HOW TO COMPLETE THIS TASK >>
An exact reproduction is needed of every line from the beginning of the data down to and including the line that contains "襟、袖口と裾はリブ模様の織り方で織られて、防風性も考慮された。", minus the pictures.
*** DATA FOR THIS TASK
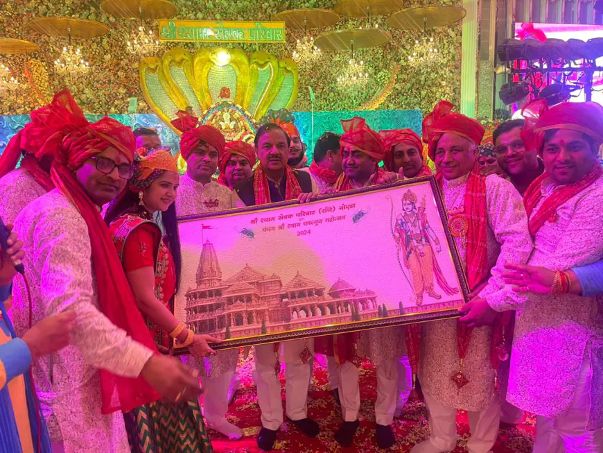 Noida News : श्री श्याम सेवक परिवार ने फाल्गुन महोत्सव में सांसद को भेंट की श्रीराम मंदिर का मार्बल चित्र
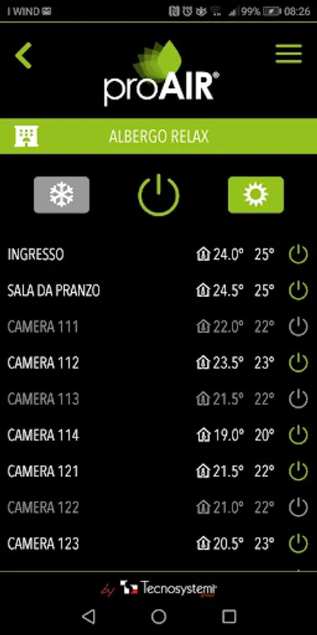 The application is used to control the system remotely and/or directly in situ, operating the system in real time, overriding the chronothermostats in the room from the comfort of your armchair.
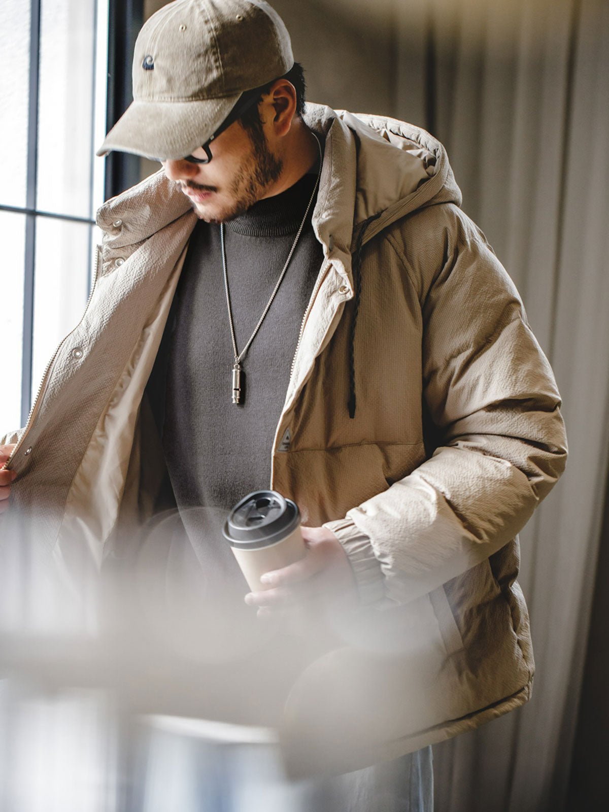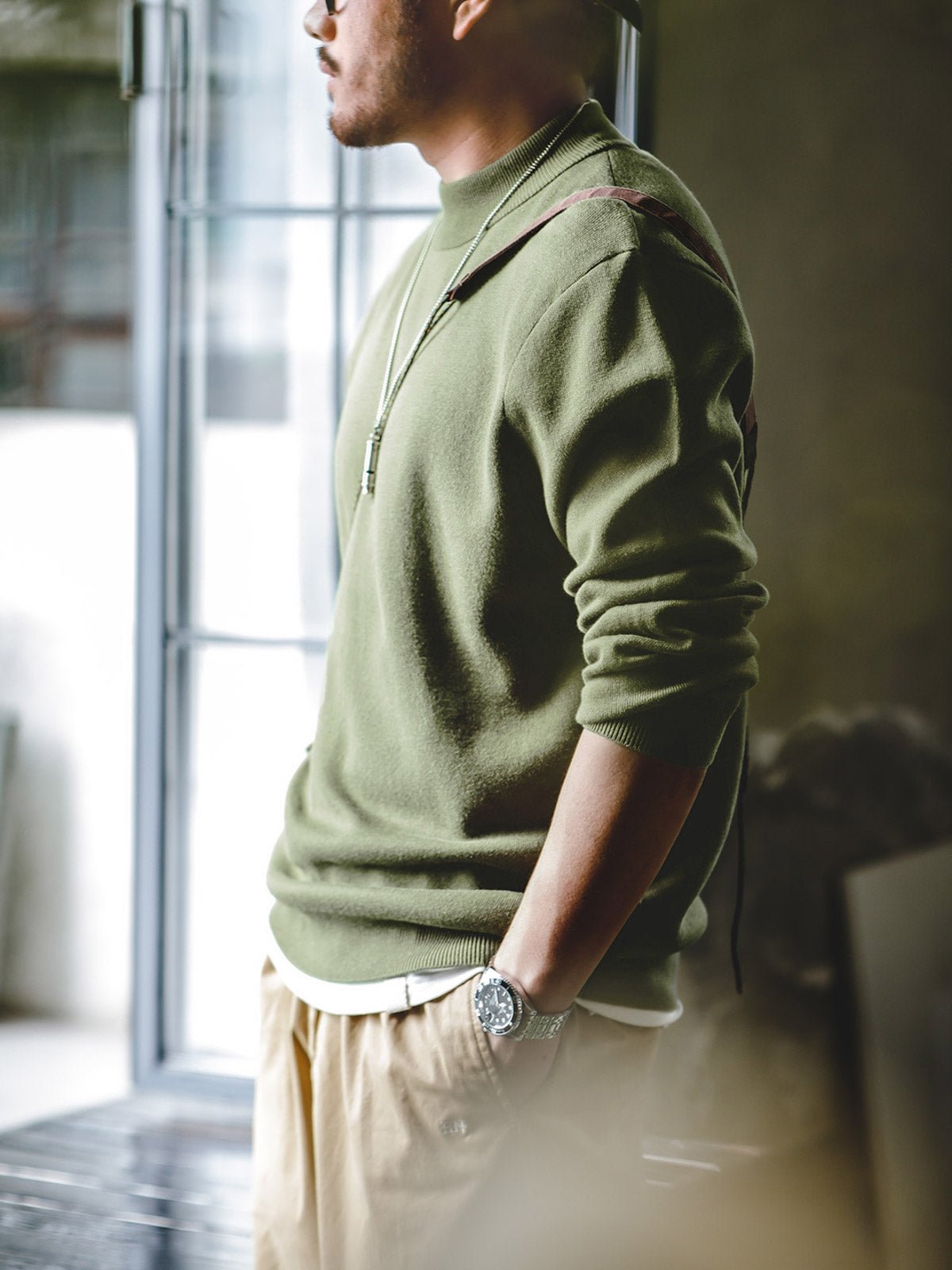 襟、袖口と裾はリブ模様の織り方で織られて、防風性も考慮された。
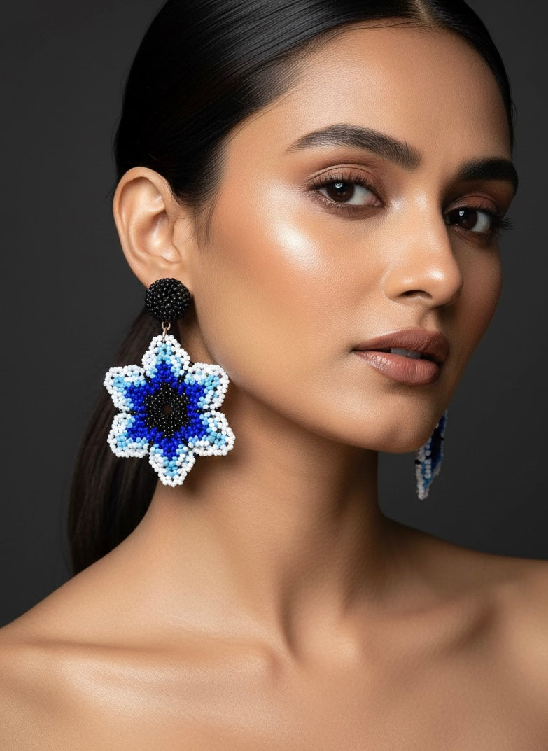 Add some color and fun to your wardrobe with our Blossoming Blue Flower Earrings! These unique earrings feature white, blue, and black beads arranged in a beautiful flower design. Perfect for adding a playful touch to any outfit.
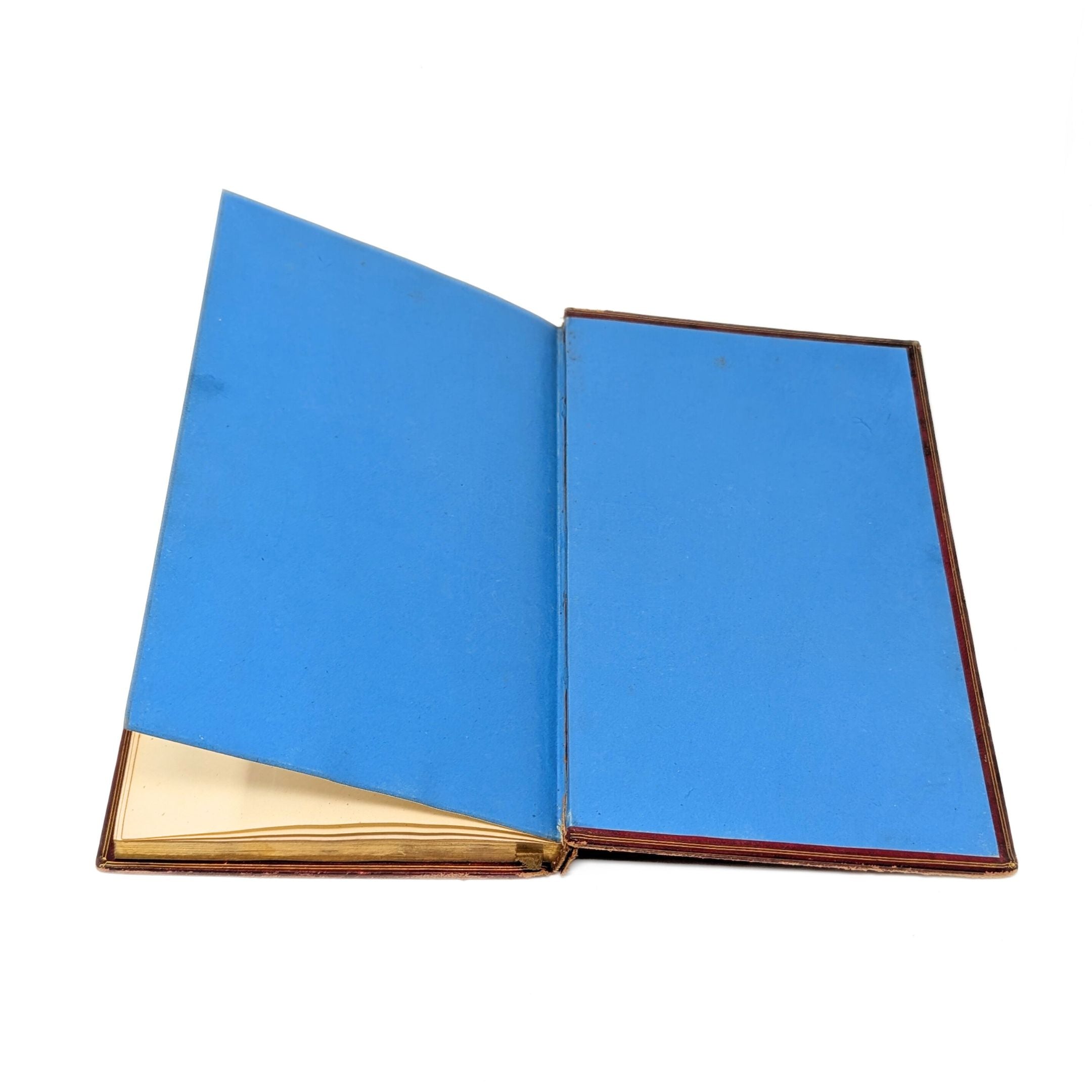 Details:  Full Moroccan red leather bound volume, decorated with gold on covers and spine.  Six raised bands on spine, very worn. Gold on all three edges of pages.  Blue glazed paper endpapers.  Engraved monogrammed bookplate inside front endpapers, opposite page inscribed by a former owner.
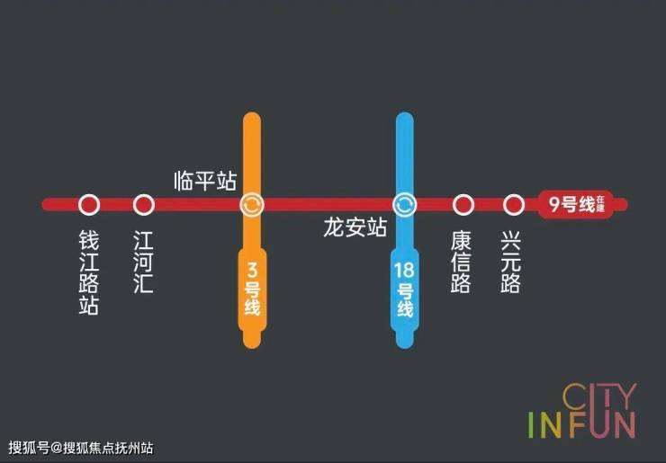 项目横跨地铁9号线兴元路站(在建)、康信路站(在建)两大站点,以轨道打破壁垒,一条地铁直达钱江新城、城东新城、滨江、西湖等高能区域,更高效的日常通勤外,还能享受到一脉市心的生活配套。
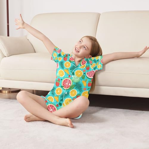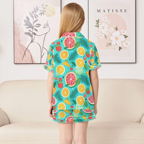 senya Fruit Slices Satin Summer Pajama Sets Silk Short Sleeve Button Down Sleepwear 6
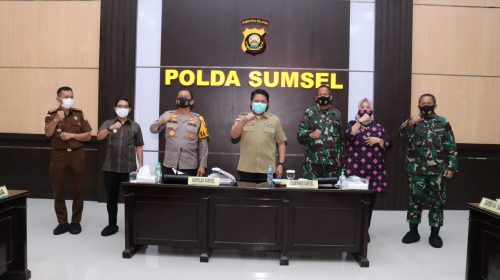 Sumsel, (MR) – Kapolda sumsel Irjen Pol Prof Dr.Eko Indra Heri S MM beserta Gubernur Sumsel H.Herman Deru bersama unsur Forkompinda Prov Sumsel.Rapat bersama membahas Penerapan Protokol kesehatan Pelaksanaan Pilkada serentak 2020.,diprov sumsel,Dalam rapat tersebut turut hadir Ketua KPU Prov sumsel Dra Kelly Mariana,Ketua Bawaslu Sumsel Iin Irwanto ST,MM,Danrem 044 Gapo Brigjen TNI Jauhari Agus Suraji,Asintel Kodam II Sriwijaya Kolonel Inf Priyanto Eko Widodo,Kasi Kamnegtibum Kajati Sumsel Sigit kristiyanto,SH MH,Kadiskesehatan Prov Sumsel Dra Lesty Nuraini,APT,M.Kes dan Kasat Pol PP Sumsel H.Aris Saputra .Diruang Rekonfu lantai III Gedung Promoter Mapolda Sumsel selasa 08/09/2020.
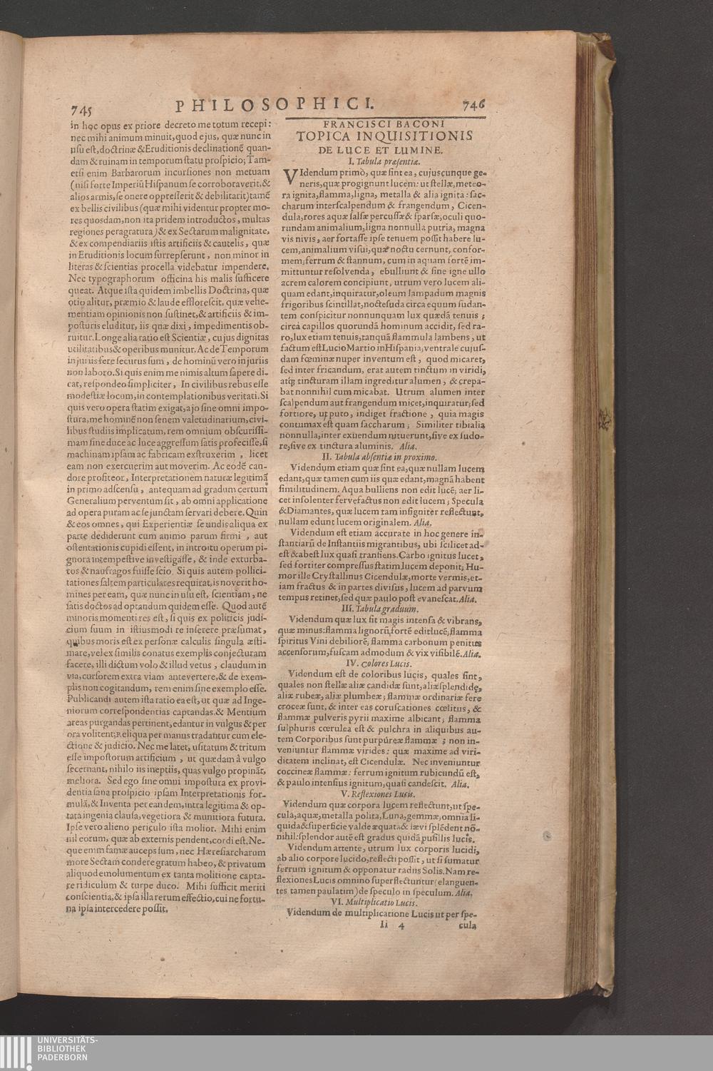 Francisci Baconi Baronis de Verulamio, Vice-Comitis S. Albani, Summi Angliæ Cancellarii, Opera omnia, Quæ extant: Philosophica, Moralia, Politica, Historica ... : In Quibus Complures Alii Tractatus, Quos Brevitatis Causa prætermittere visum est, comprehensi sunt ; Hactenus Nunquam Conjunctim Edita, Iam vero Summo Studio Collecta, Uno Volumine Comprehensa, & ab innumeris Mendis repurgata ; Cum Indice Rerum ac Verborum Vniversali absolutissimo ; His Præfixa Est Auctoris Vita
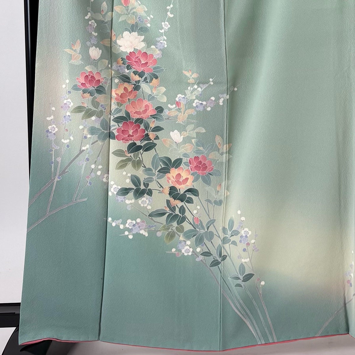 【美品】 振袖 身丈168cm 裄丈69cm L 袷 袋帯フルセット 薔薇 桜 箔 黒 正絹 名品
******
TASK RESULT >>
 Noida News : श्री श्याम सेवक परिवार ने फाल्गुन महोत्सव में सांसद को भेंट की श्रीराम मंदिर का मार्बल चित्र
 The application is used to control the system remotely and/or directly in situ, operating the system in real time, overriding the chronothermostats in the room from the comfort of your armchair.
 襟、袖口と裾はリブ模様の織り方で織られて、防風性も考慮された。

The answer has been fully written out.